**Stored data:**
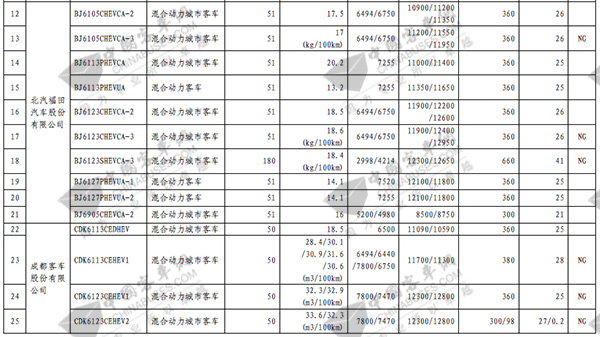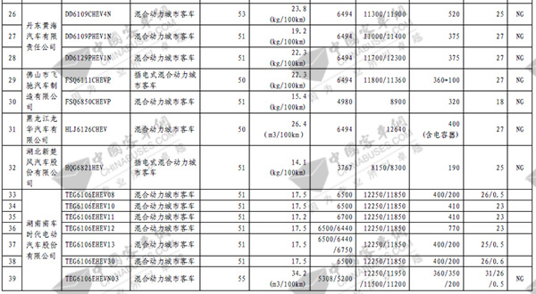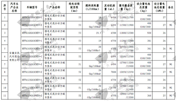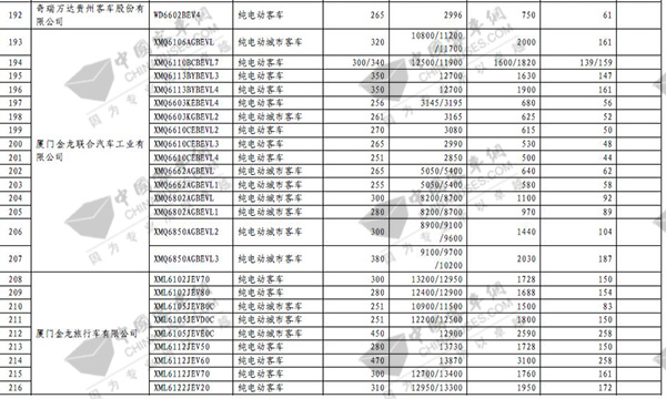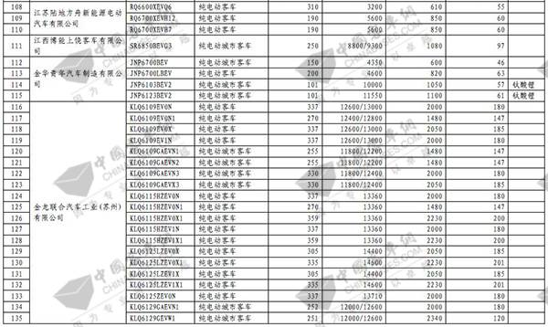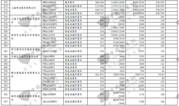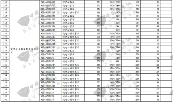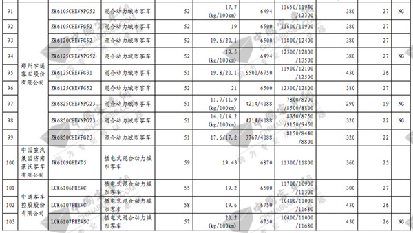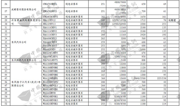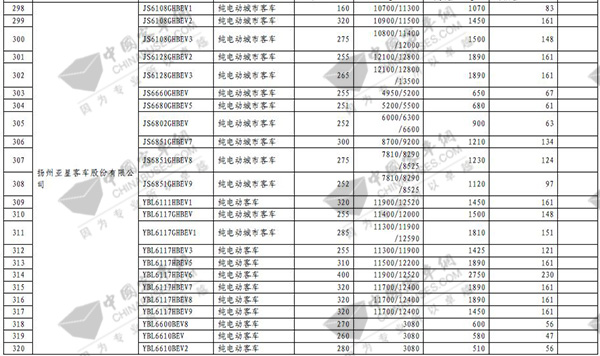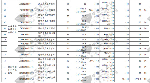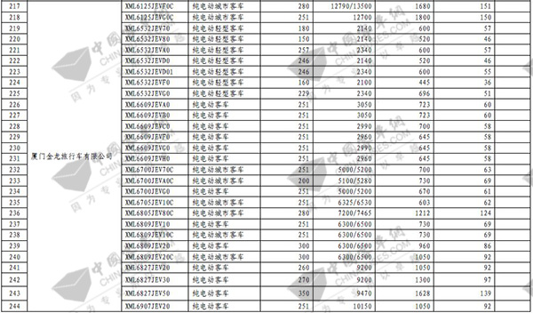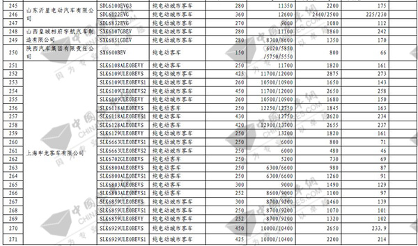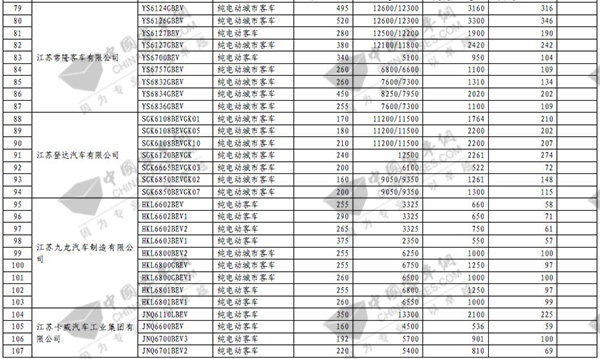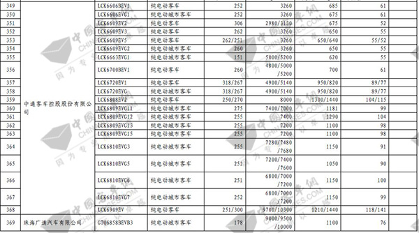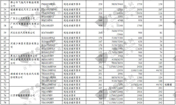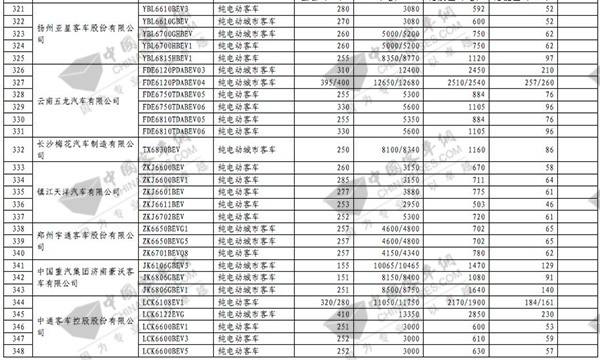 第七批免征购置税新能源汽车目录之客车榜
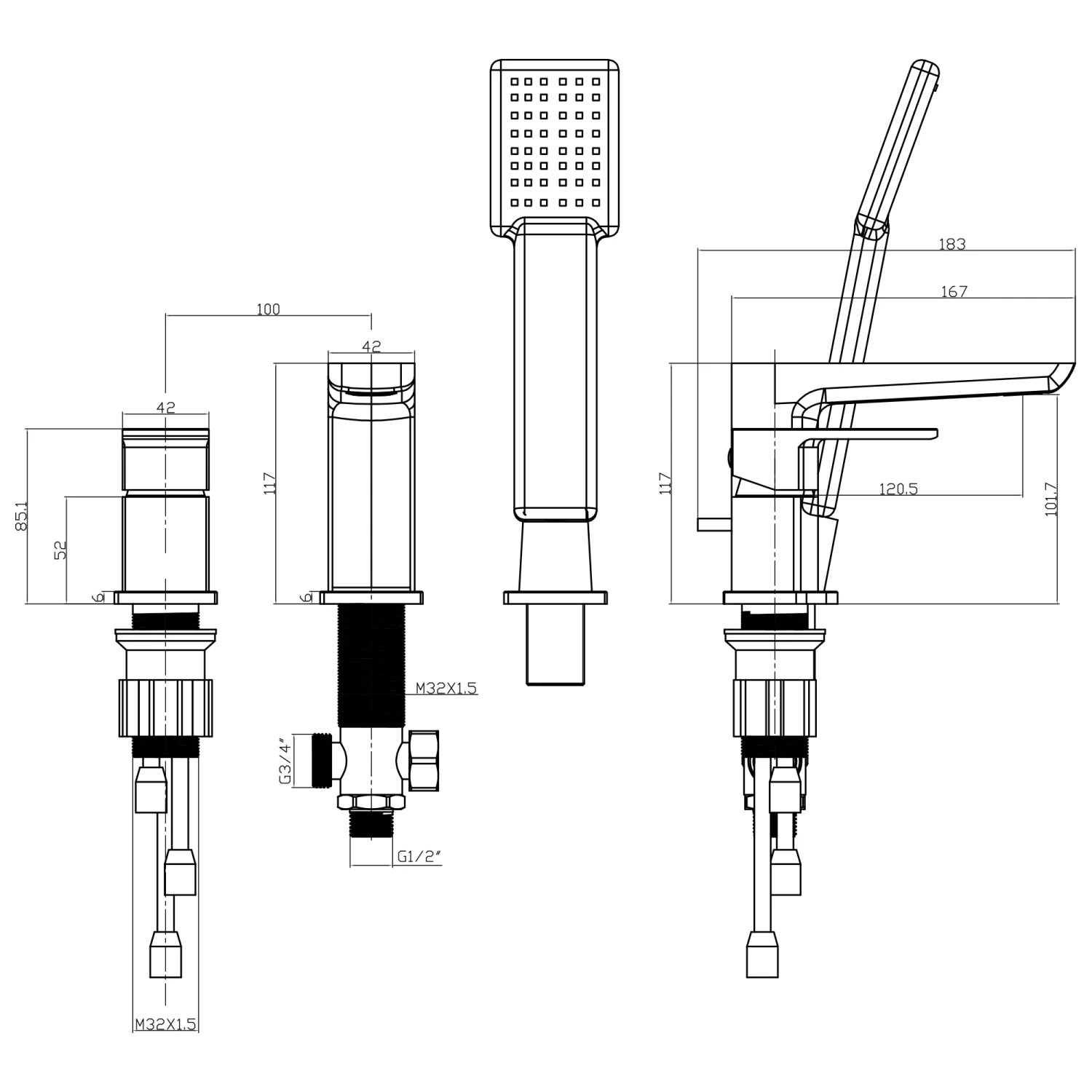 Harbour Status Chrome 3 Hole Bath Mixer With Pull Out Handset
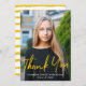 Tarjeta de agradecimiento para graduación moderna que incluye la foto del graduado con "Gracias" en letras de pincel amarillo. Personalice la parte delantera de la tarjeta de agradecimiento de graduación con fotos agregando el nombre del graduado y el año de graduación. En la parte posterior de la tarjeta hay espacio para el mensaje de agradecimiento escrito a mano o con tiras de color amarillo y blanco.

**Exercise description:**
Only the pictures stay behind; everything else in the data above is to be retyped exactly.

**Answer to this task:**
 第七批免征购置税新能源汽车目录之客车榜
 Harbour Status Chrome 3 Hole Bath Mixer With Pull Out Handset
 Tarjeta de agradecimiento para graduación moderna que incluye la foto del graduado con "Gracias" en letras de pincel amarillo. Personalice la parte delantera de la tarjeta de agradecimiento de graduación con fotos agregando el nombre del graduado y el año de graduación. En la parte posterior de la tarjeta hay espacio para el mensaje de agradecimiento escrito a mano o con tiras de color amarillo y blanco.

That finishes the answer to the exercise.